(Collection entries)
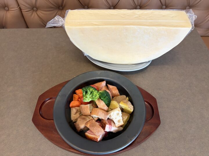 続いてチーズ料理の王様よ。「とろ~り厳選ラクレットチーズ~vege & meat carnival~」(2,880円)。大きな大きな半月型のチーズが登場!
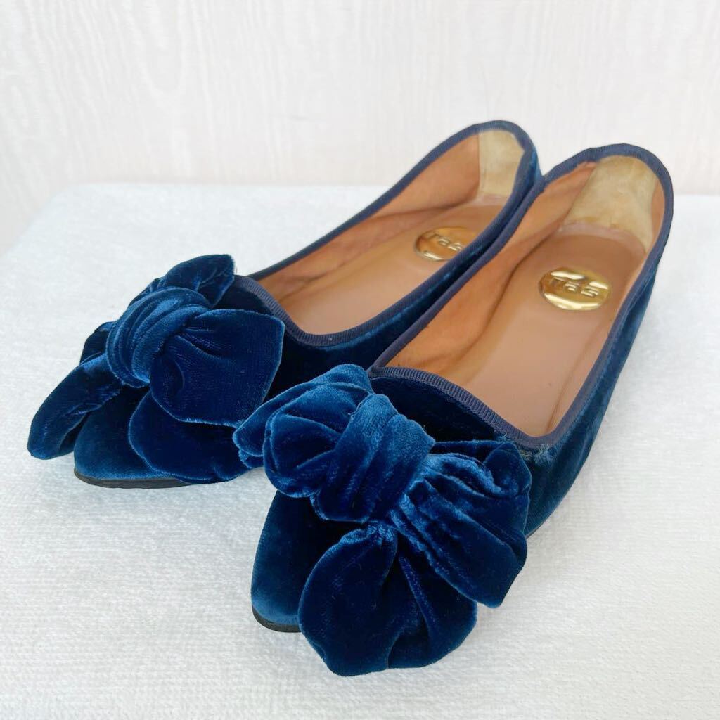 - ras レディース フラットシューズ 35 ベロア ネイビー バレエシューズ
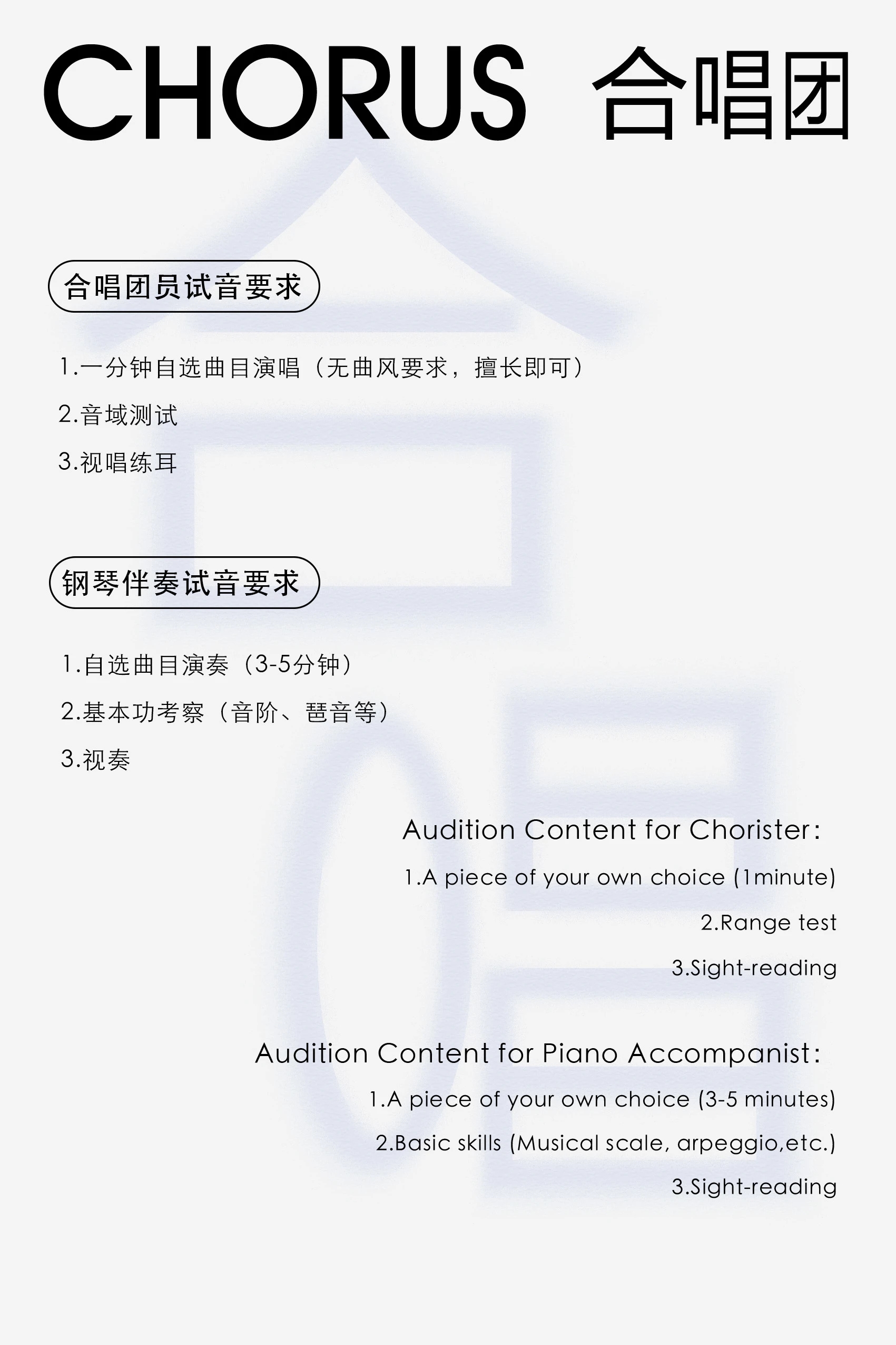 After nearly nine years of development, the Chorus is capable of interpreting different musical styles with wide influence. It is committed to adding a rich artistic atmosphere to the campus, further promoting the development of aesthetic education with distinctive features, and holding multiple chorus concerts to bring the beauty of music and the unique harmonious sound of chorus to all corners of the campus. Meanwhile, it has participated in numerous off-campus performances, with its footprint spanning the Hong Kong City Hall, Hong Kong Youth Square, Hong Kong Cultural Centre, Shenzhen Concert Hall, Shenzhen Poly Theatre, Shenzhen Grand Theatre, Chengdu City Concert Hall, Longgang Cultural Centre, Guangming Culture & Arts Center, Sea World Culture & Arts center Mountain View Theater, and more. In the future, the Chorus will continue to write a new chapter with its singing and passion for music.
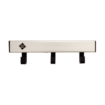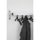 Patère murale avec 3 crochets suspendus à un rail.
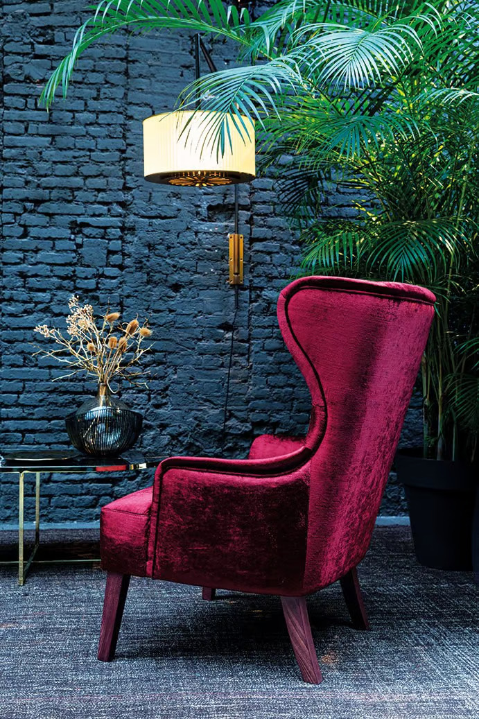 The Cesare offers a blend of modern and retro styling, featuring low, relaxed armrests and a supportive wing back. Its design is enhanced by optional loose cushions, providing comfortable seating solutions for various settings. Upholstered in a range of fabrics, the Cesare complements its solid wood legs and frame, making it suitable for plush lounges, corporate lobbies, and design-focused guest rooms. This piece of modern lounge furniture is ideal for hotels, cafés, and waiting rooms, offering both luxury sofas and armchairs. Its ergonomic design and customizable upholstery options make it a versatile choice for residential interior designers seeking compact furniture for small spaces or modular sofas for offices.
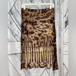 Brown tie dye pull on a-line skirt with a fold over waistband
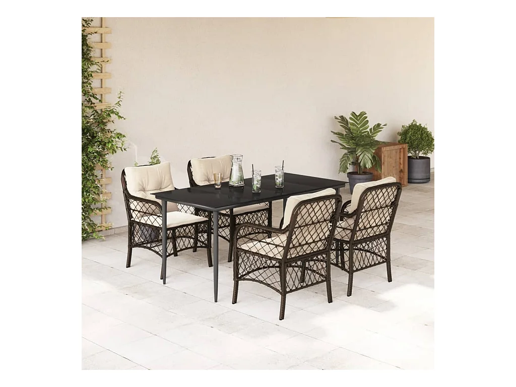 Set da Pranzo da Giardino 5pz con Cuscini in Polyrattan Marrone
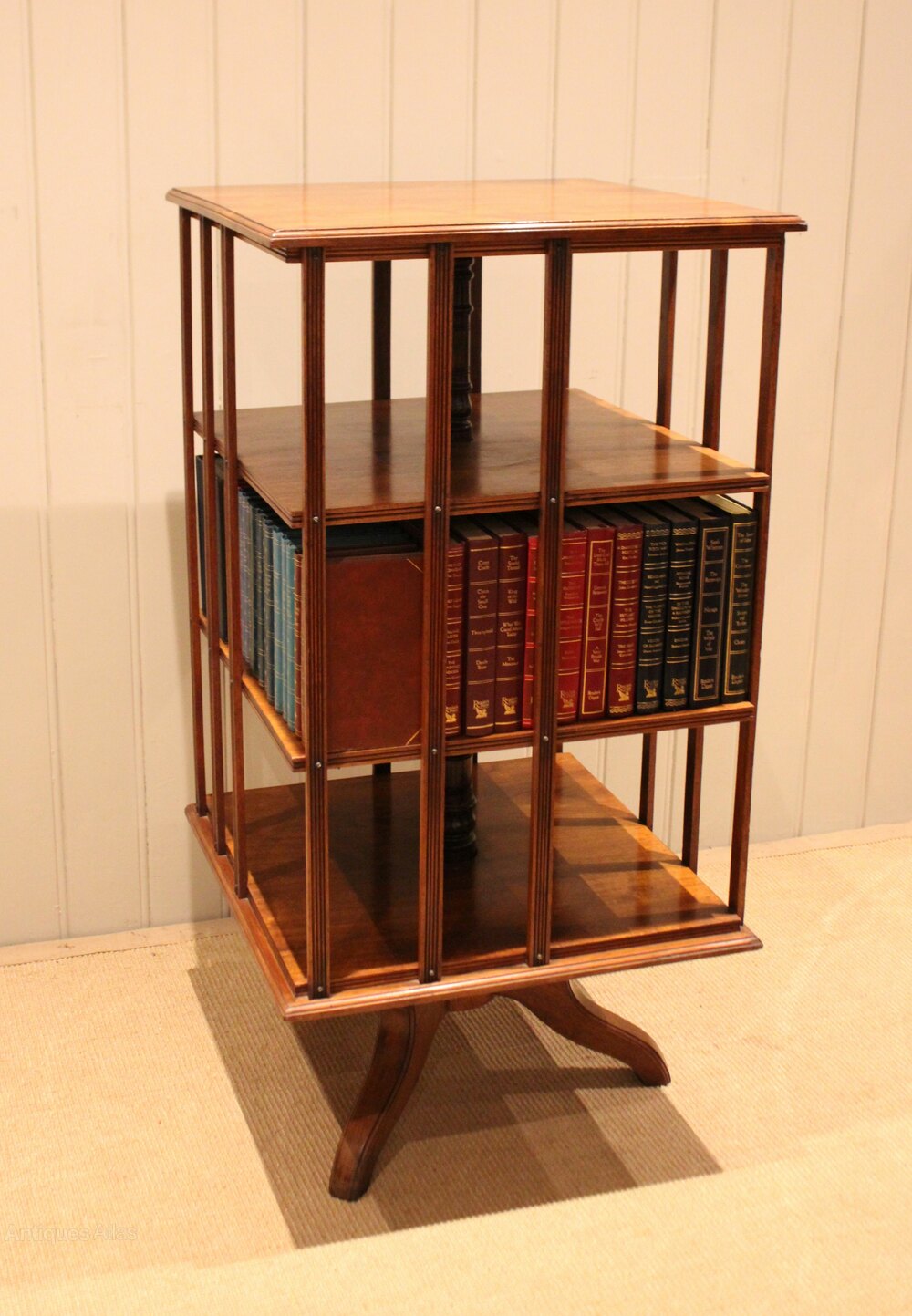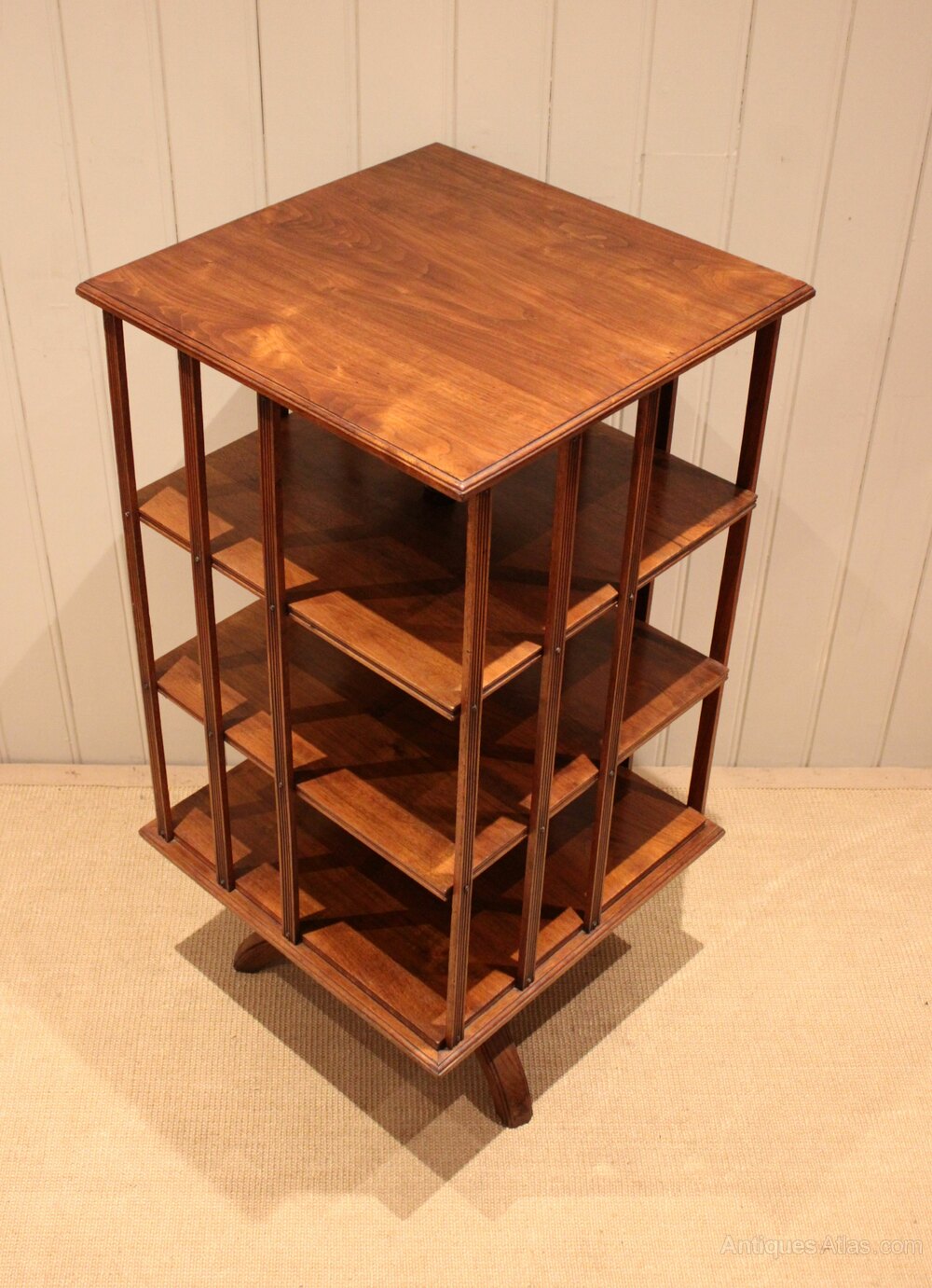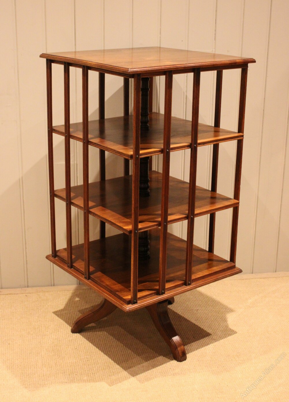 Edwardian walnut revolving bookcase having three tiers with full access from the open sides , having slatted sides to retain the books ,held together by a turned central column ,raised on a tripod base that revolves freely .

EXERCISE GOAL: The lines above from the line with "The Cesare offers" through the line with "Set da Pranzo" are to be given again word for word, with no pictures among them.

OUTPUT FOR THIS TASK:
 The Cesare offers a blend of modern and retro styling, featuring low, relaxed armrests and a supportive wing back. Its design is enhanced by optional loose cushions, providing comfortable seating solutions for various settings. Upholstered in a range of fabrics, the Cesare complements its solid wood legs and frame, making it suitable for plush lounges, corporate lobbies, and design-focused guest rooms. This piece of modern lounge furniture is ideal for hotels, cafés, and waiting rooms, offering both luxury sofas and armchairs. Its ergonomic design and customizable upholstery options make it a versatile choice for residential interior designers seeking compact furniture for small spaces or modular sofas for offices.
 Brown tie dye pull on a-line skirt with a fold over waistband
 Set da Pranzo da Giardino 5pz con Cuscini in Polyrattan Marrone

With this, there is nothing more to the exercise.